Because of the severity of their dementia, not all PLWD were able to answer the interview questions regarding their experience with the virtual companion. Participants 2022-4 and 2022-5 mentioned that it was “nice to speak to someone”. A majority of the observed interactions involved good memories and social connection, and the LTC staff observed one participant engaging in what they felt was “a good chat”. Three PLWD specifically noted that visiting with the virtual companion improved their day and that they would interact with her again.

Further, an LTC staff noted that the virtual companion “is a friendly companion and asks interesting questions. She has a good tone and it is not difficult to suspend disbelief when speaking to her. She imitates a human’s behavior to a reasonable degree and the environment is welcoming”. However, another LTC staff mentioned that the virtual companion “seems somewhat realistic but lacks nonverbal cues, and can sometimes come off as blunt and robotic”.
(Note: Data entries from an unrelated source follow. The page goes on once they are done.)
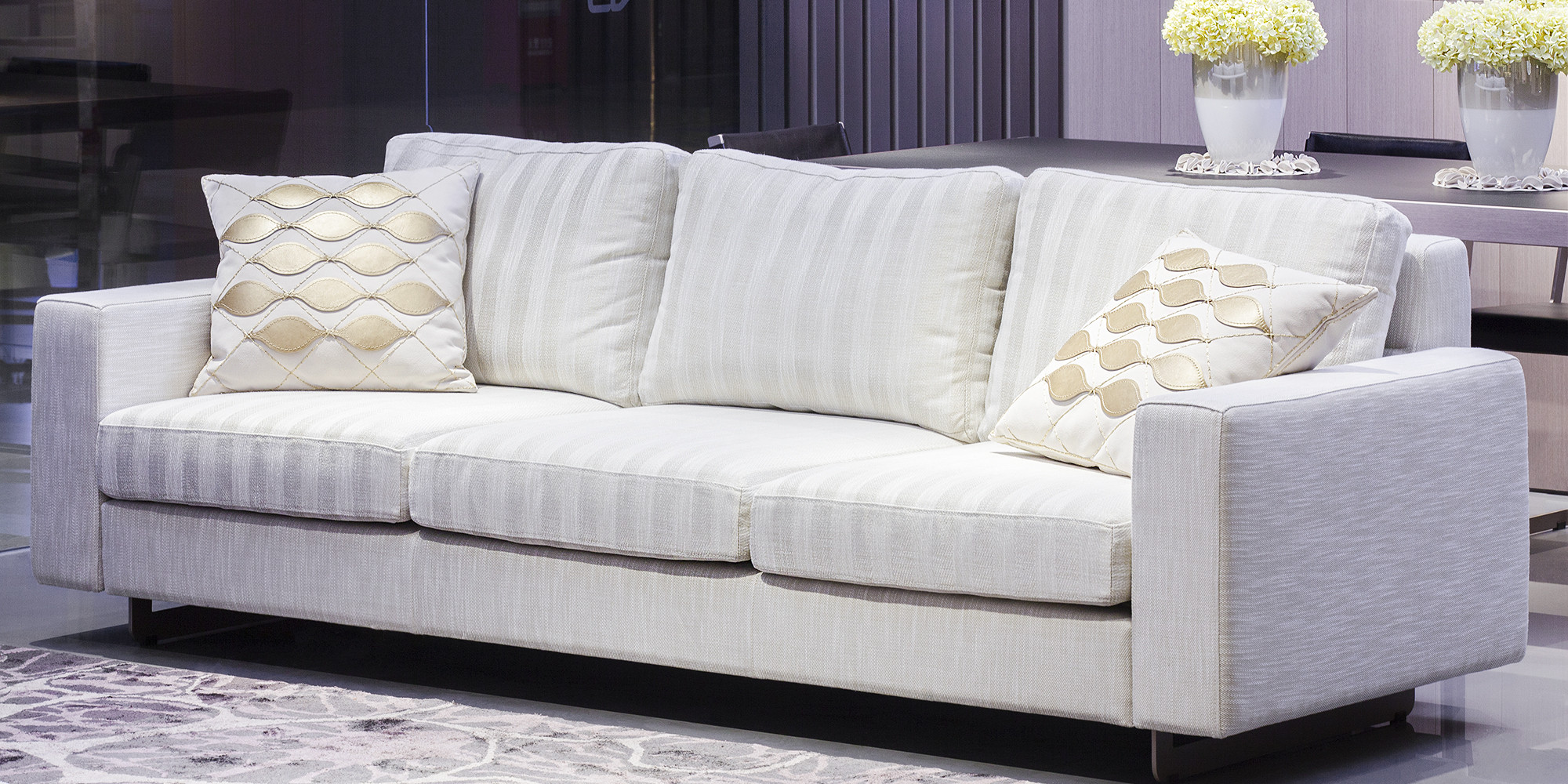 沙发靠垫内的填充物为人造羽绒,可避免人体对羽绒敏感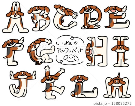 アルファベットを人文字で表現しているビーグルA〜M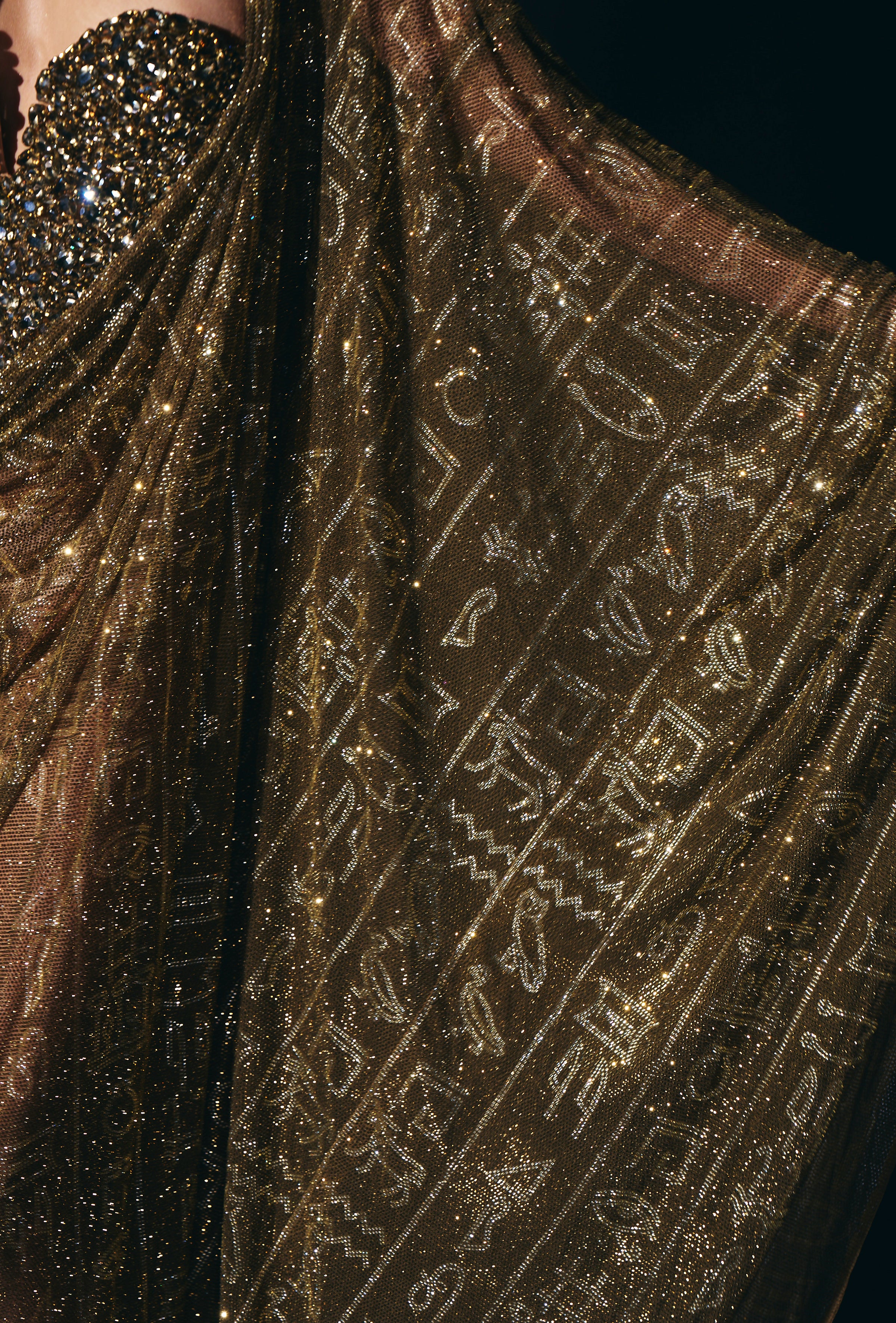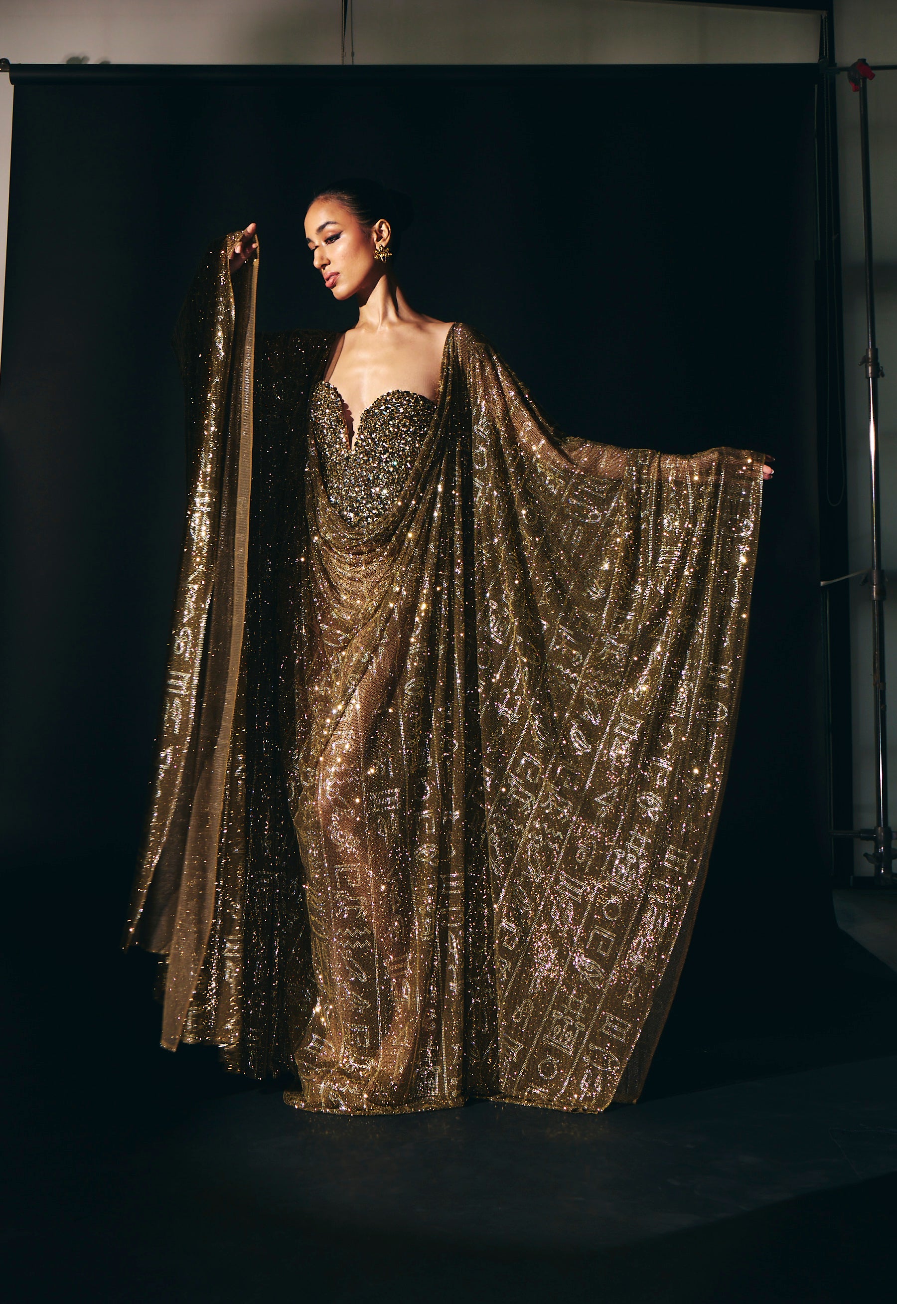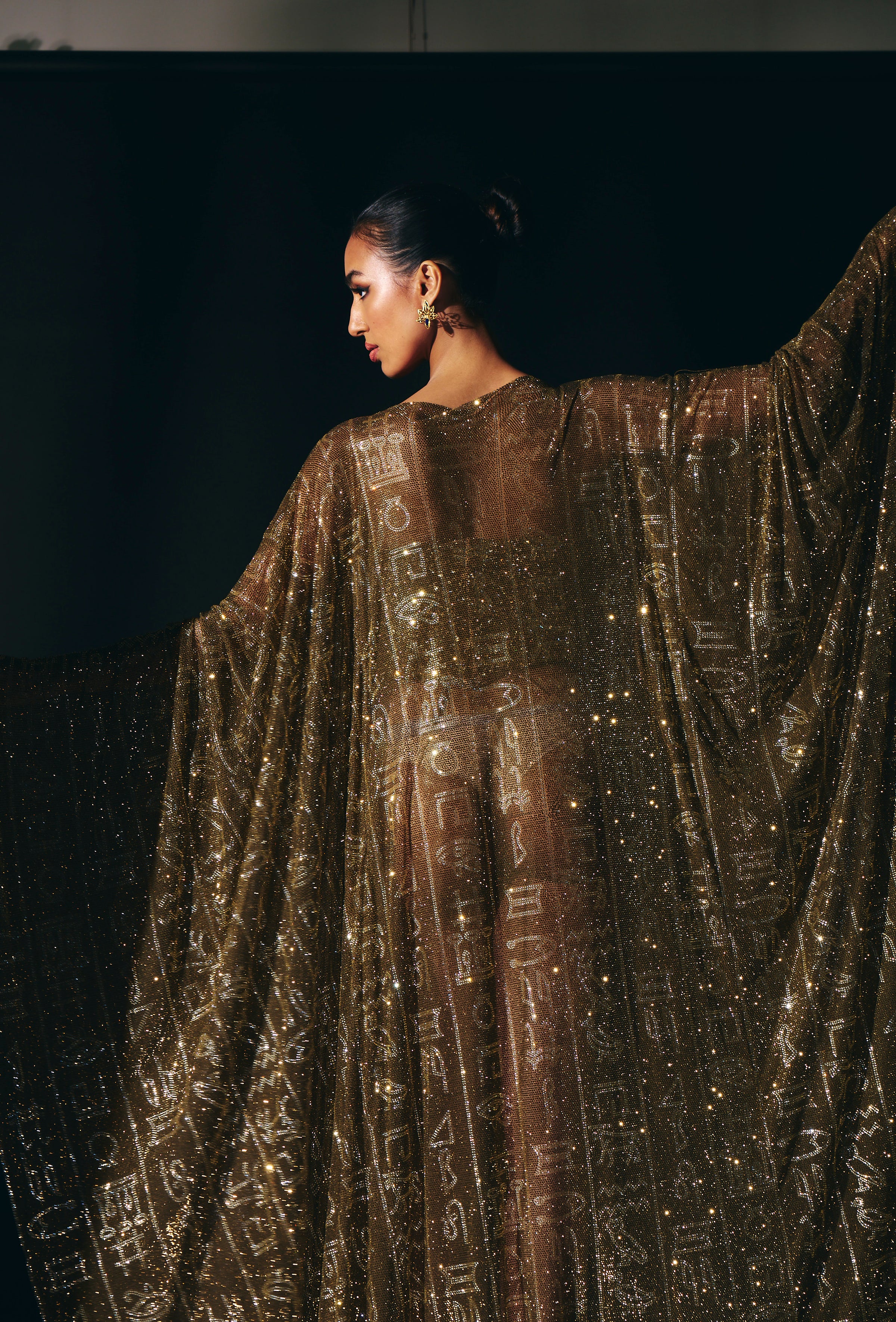This stunning kaftan features intricate hieroglyphic crystal embellishments. paired with a gold jewel corset , adorned with dazzling big crystals, radiates glamour and allure, drawing eyes with its captivating sparkle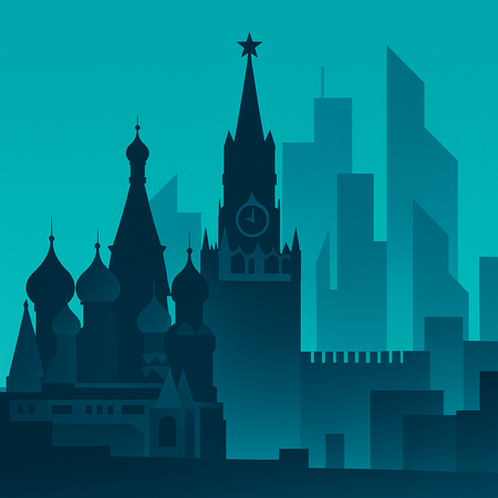 create an image of Moscow using this design: minimalist geometric vector illustration with a limited color palette of deep blue, teal, and turquoise. flat design with sharp, clean shapes and clear contrast between light and dark areas. no gradients or textures. simple architectural or structural silhouettes with layered depth and sense of perspective. calm and slightly moody atmosphere. inspired by modern digital minimalism and abstract cityscapes.

There were no complaints of simulator sickness in Stage 1.

3.2. Stage 2

Ten new LTC residents living with cognitive impairment participated in Stage 2. The descriptive data and interactions with the virtual companion are reported in Table 2. The time spent interacting with the virtual companion ranged from 00:32 to 29:00 min for the first session (average 11:42 min), from 0:00 to 34:48 min for the second session (average 18:07 min), and from 1:07 to 53:50 min for the third session (average 29:39 min).

Table 2.

Descriptive data and virtual companion interaction data for the Stage 2 research sample. M—man; W—woman.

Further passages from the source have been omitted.